Записки представляют собой мелко исписанные десять страниц стандартного формата (бумага для машинки), практически не содержат помарок. Быть может, эти записи сразу же делались набело, отсутствие стройного плана и некоторые повторы говорят в пользу нашей догадки, хотя, с другой стороны, их можно отнести и на счет смутного душевного состояния автора.
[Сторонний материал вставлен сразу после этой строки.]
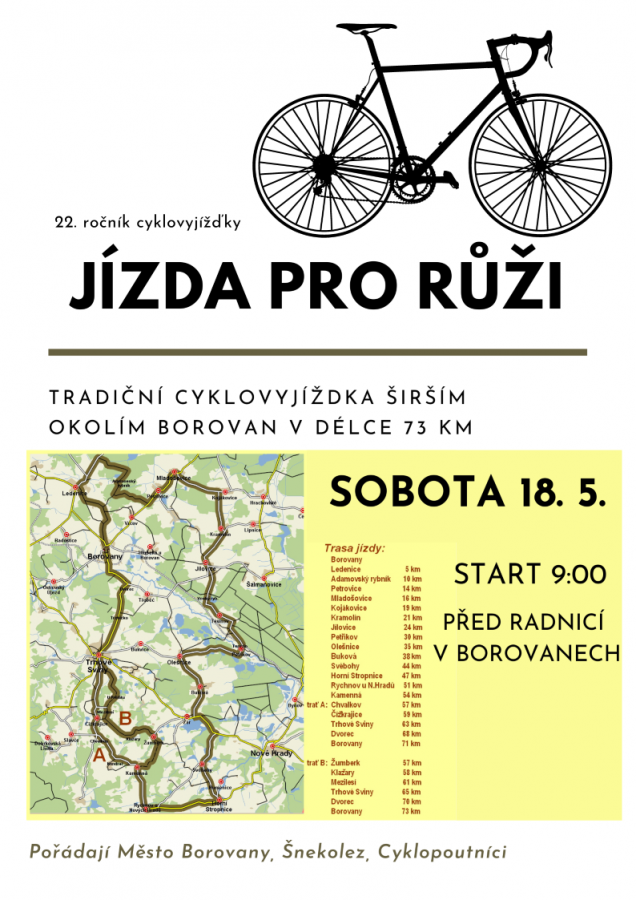 Tradiční borovanskou cyklistickou vyjížďkou mikroregionem Sdružení Růže je Jízda pro růži, která bude v sobotu 16. května 2026. Tato akce je pro nejširší veřejnost.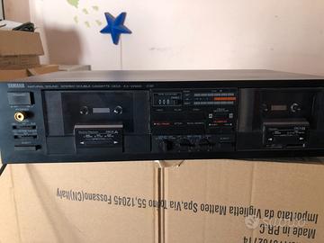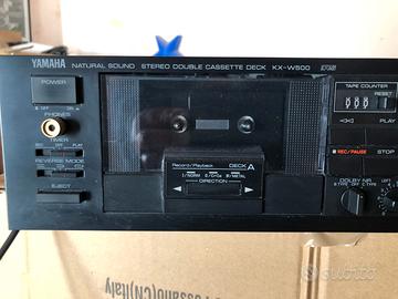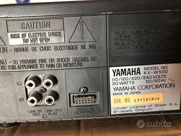 Registratore a cassetta Yamaha KX-W500 Registratore a doppia cassetta stereo con inversione automatica e riduzione del rumore Dolby B, selezione automatica del tipo di nastro con supporto per nastri normali, cromati e metallici, trasporto inverso automatico a cinghia.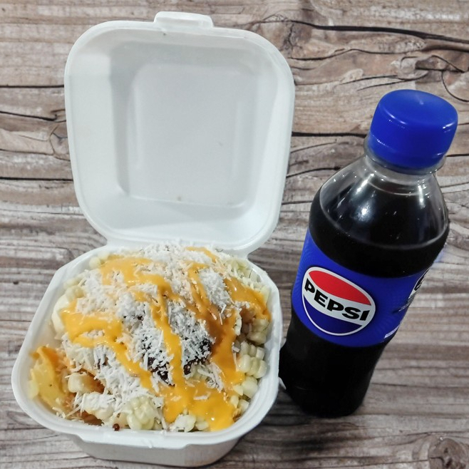 Elote,sabritas,chile en polvio,queso amarillo,crema o mayonesa,queso rallado,pepsi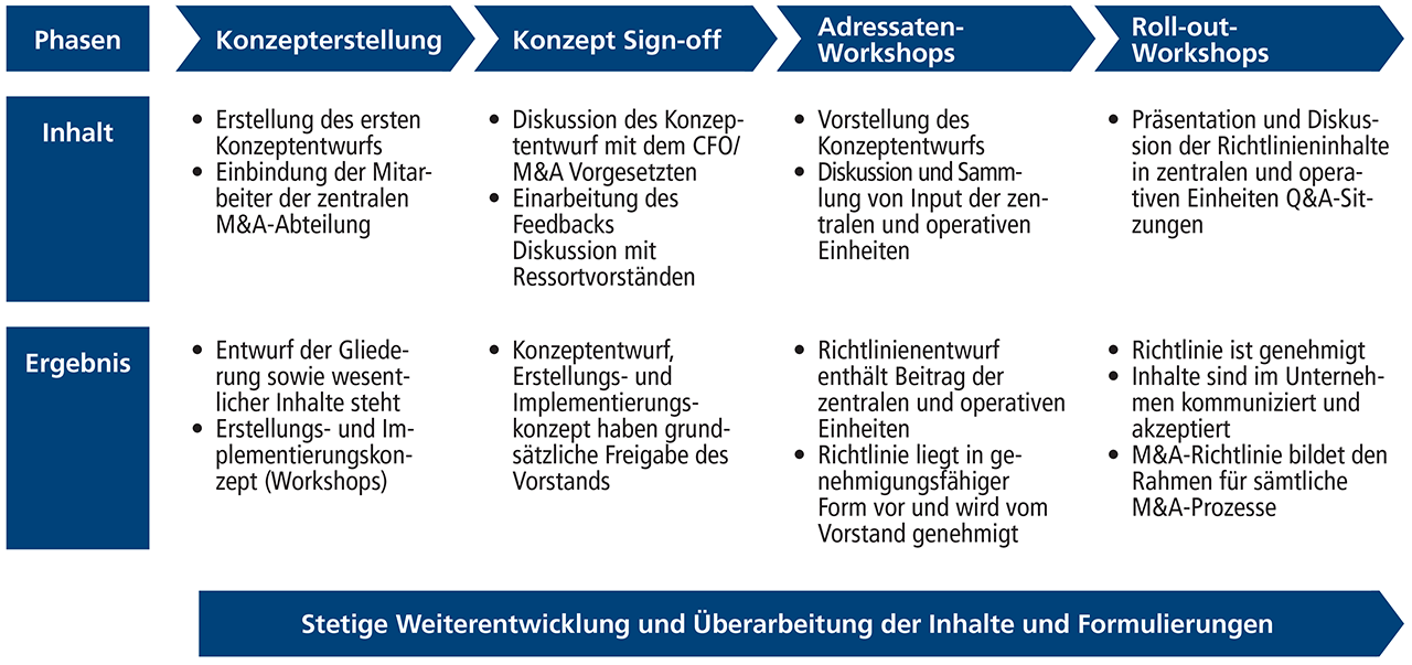 Die Akzeptanz für eine neu einzuführende oder in wesentlichen Teilen zu überarbeitende Richtlinie wird gefördert, wenn den Adressaten der Richtlinie die Möglichkeit gegeben wird, ihre Ideen und Vorstellungen einzubringen. Eine gute M&A-Richtlinie kommt nicht ohne den Beitrag der operativen Einheiten aus. Gerade bei diversifizierten Unternehmen mit unterschiedlichen Geschäftsmodellen ist es unerlässlich, den Besonderheiten der Unternehmenseinheiten Rechnung zu tragen. Dies ist nur möglich durch frühe Einbeziehung von Entscheidungsträgern aus den dezentralen, operativen Einheiten. Abbildung 2 enthält ein Phasenmodell zur Erstellung und Implementierung einer M&A-Richtlinie.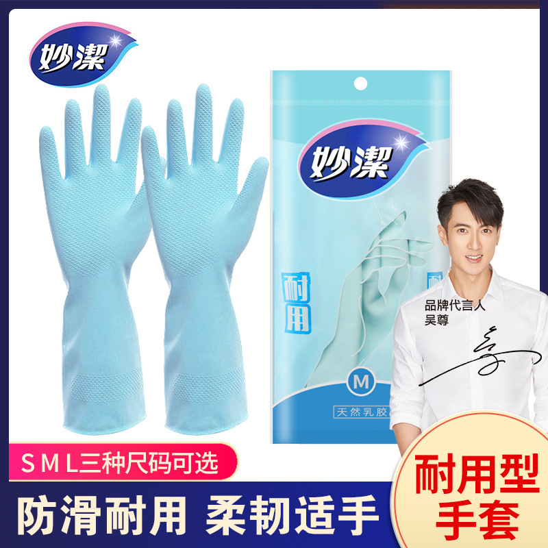 妙潔ベルベット保温ラテックス手袋皿洗い家事手袋防汚純色耐凍ゴム手袋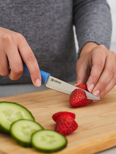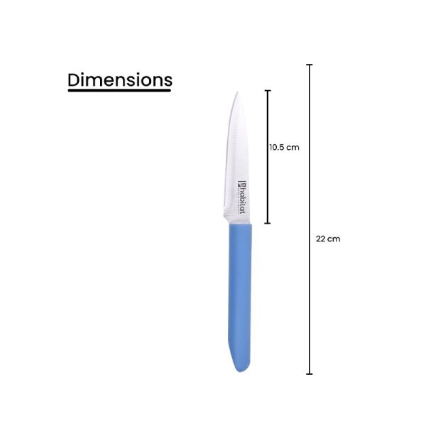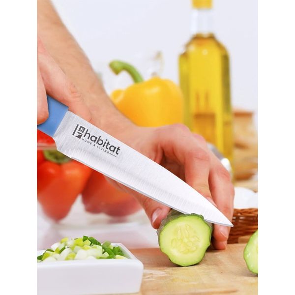 HABITAT 3.5" Paring Knife with PP Handle is a versatile kitchen essential, ideal for everyday cutting, peeling, trimming, and garnishing tasks. The sharp stainless steel blade ensures precision and smooth performance, making it perfect for handling fruits, vegetables, and other small ingredients. Its ergonomic polypropylene (PP) handle offers a secure, comfortable, and non-slip grip for better control and safety. Durable, lightweight, and easy to use, this paring knife is designed to deliver efficiency and reliability in every kitchen.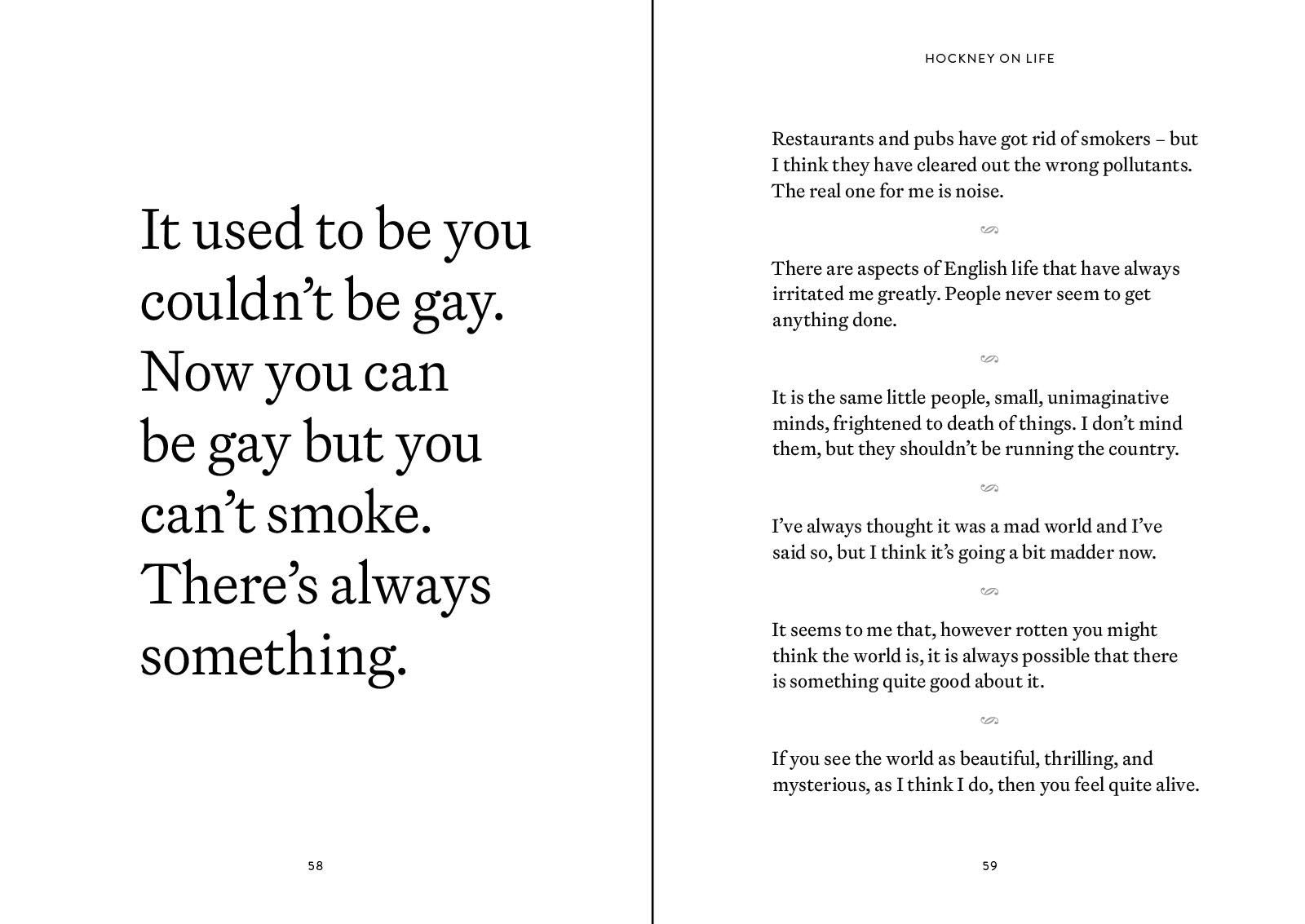 From everyday observations - "The eye is always moving; if it isn’t moving, you are dead" - to artistic insights such as "painted colour always will be better than printed colour, because it is the pigment itself", David Hockney has a knack for capturing profound truths in pithy statements. This anthology of quotations ranges across topics including drawing, photography, nature, creativity, the internet, and other image-makers including Caravaggio, Cezanne and Walt Disney. A delightful and engaging overview of the artist’s inimitable spirit, personality and opinions.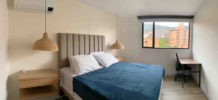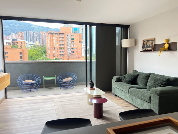 Útulný apartmán Poblado 1BD s klimatizáciou, balkónom a posilňovňou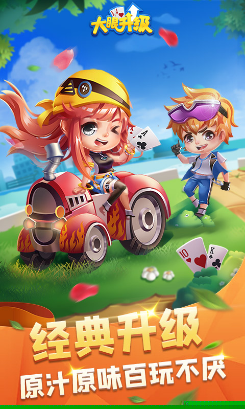 大眼升级是一款融合了拖拉机、80分、双抠等经典玩法的纸牌竞技游戏,以其独特的叫主、炒底、甩牌规则为核心,重现了传统双升的紧张与策略,为提供了兼具怀旧感与竞技性的线上卡牌对战体验。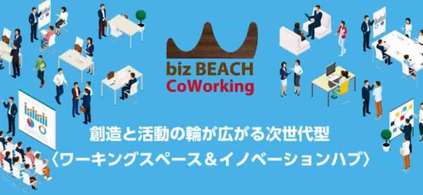 「biz BEACH coworking」は、新しいカタチのコワーキングサロンです。 ワーキングスペースとしての役割だけでなく、イノベーションハブ機能を持つ次世代型スペースとして、企業家・経営者・これから起業される方をサポートします。 新しい出会いの場をご提供し、みなさまのアイディアを育み、実現する場所です。(公式HPより) |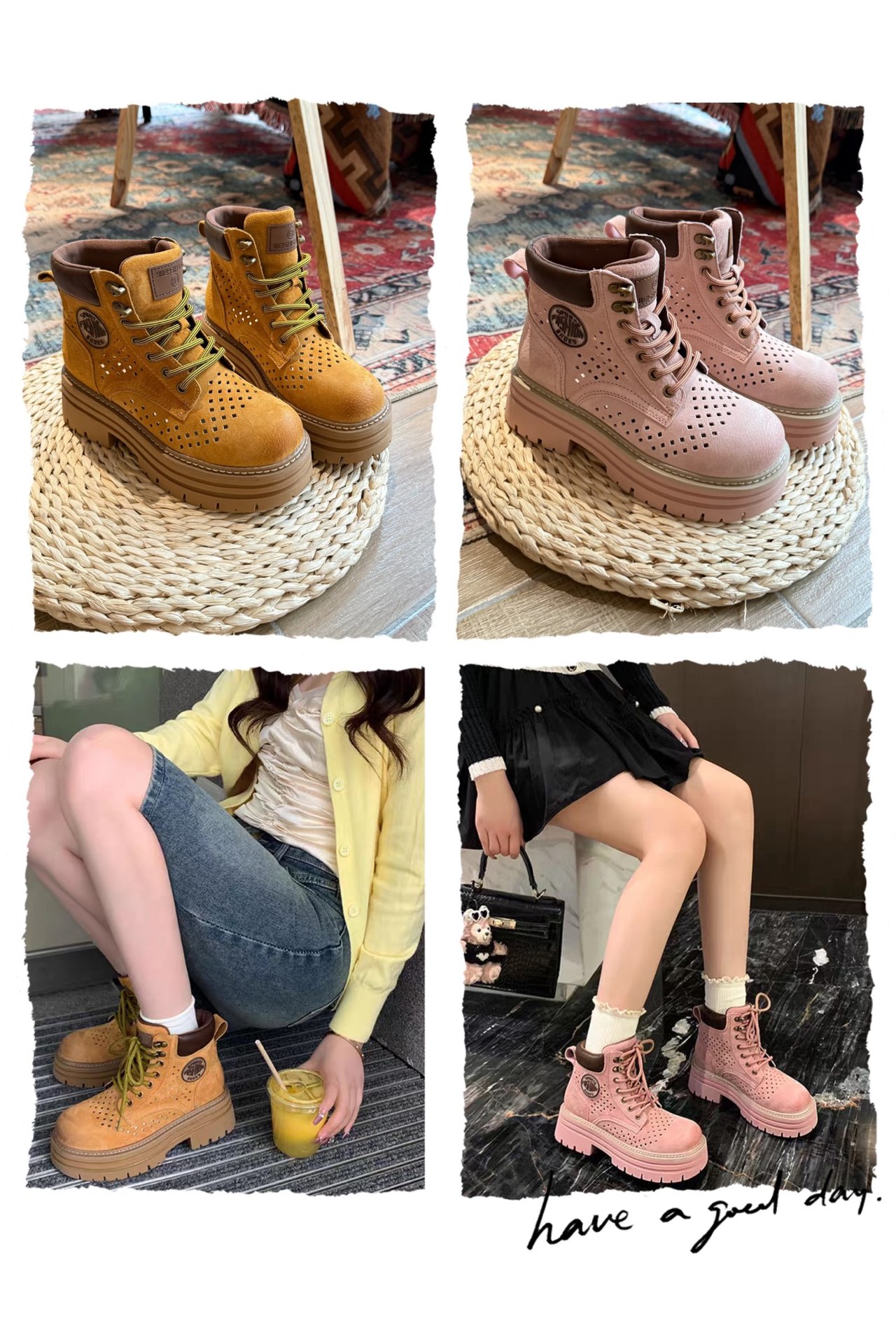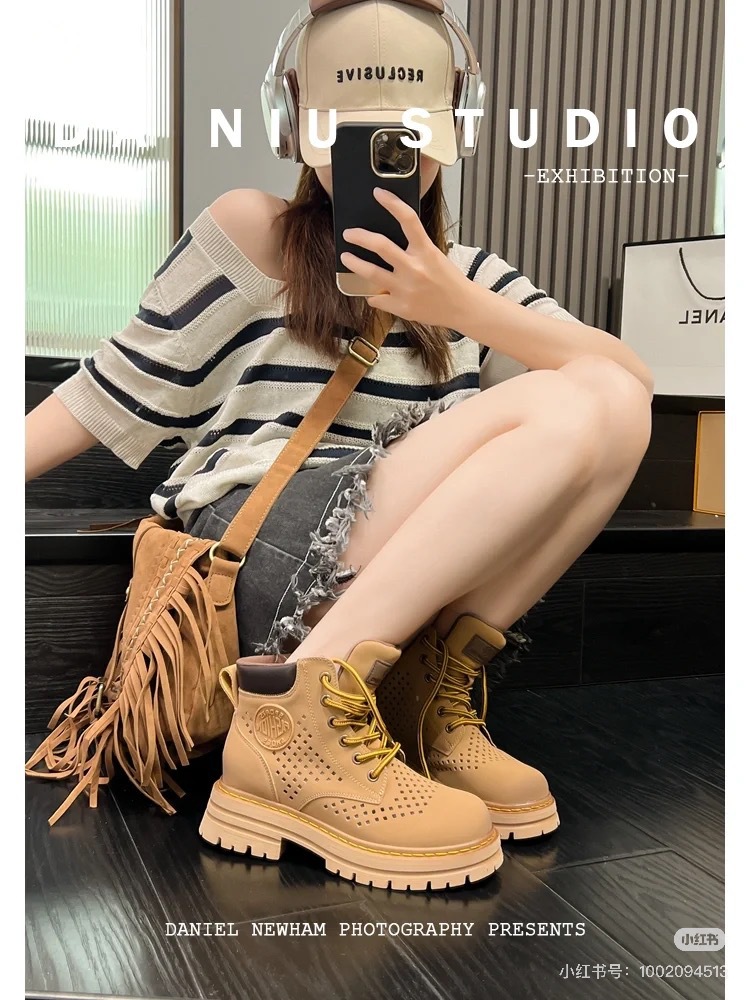 2024년 가을 여성용 유럽 반투명 소가죽 부츠, 짧은 부츠, 다재다능하고 캐주얼하며 패셔너블하고 복고풍 하이탑 마틴 부츠 트렌드스토어 가기

Записки, по-видимому, дошли до нас не целиком, утеряно начало текста (условное название Детство Художника предложено нами), т. е. начинаются они не с заглавной буквы, к тому же первое предложение взято в скобки: «…(усатый портрет в пустой витрине аптеки, что на другой стороне Ордынки)». И тут же через запятую: «сегодня первое мая, Первое мая, я листаю, сидя в глубоком кожаном диване в комнате тетки, с трудом удерживая на коленях, толстый альбом или толстый фолиант из отцовской библиотеки (подчеркнуто нами. — Г. И. Б.), трудолюбиво переворачиваю тяжелые картонные страницы с наклеенными репродукциями (не то живопись русских художников, не то портреты русских писателей — дореволюционная печать), прилежно слюнявлю пальчик, ловя увертливый шелестящий тончайший пергаментный лист (той же природы, что и прокладки слоновых размеров тогдашних шоколадных наборов; это сходство для меня неудивительно, на коробках тоже сплошь живопись, усатые Запорожцы и На побывку к дедушке, пышноусому, которому отдает честь суворовец под портретом Буденного с теми же, что и у дедушки, усами, но наборы слаще, нарядней, схвачены по углам щегольской лентой, золотой и повязанной бантом, внутри — ровные шоколадные грядки, квадропольная система, возможность гадать, где какая таится восхитительная начинка, старинный же альбом пахнет горчащей пылью, от нее щекочет в носу и чихается), — таким я вышел на снимке, малолетний, недавно отправившийся в свое путешествие…»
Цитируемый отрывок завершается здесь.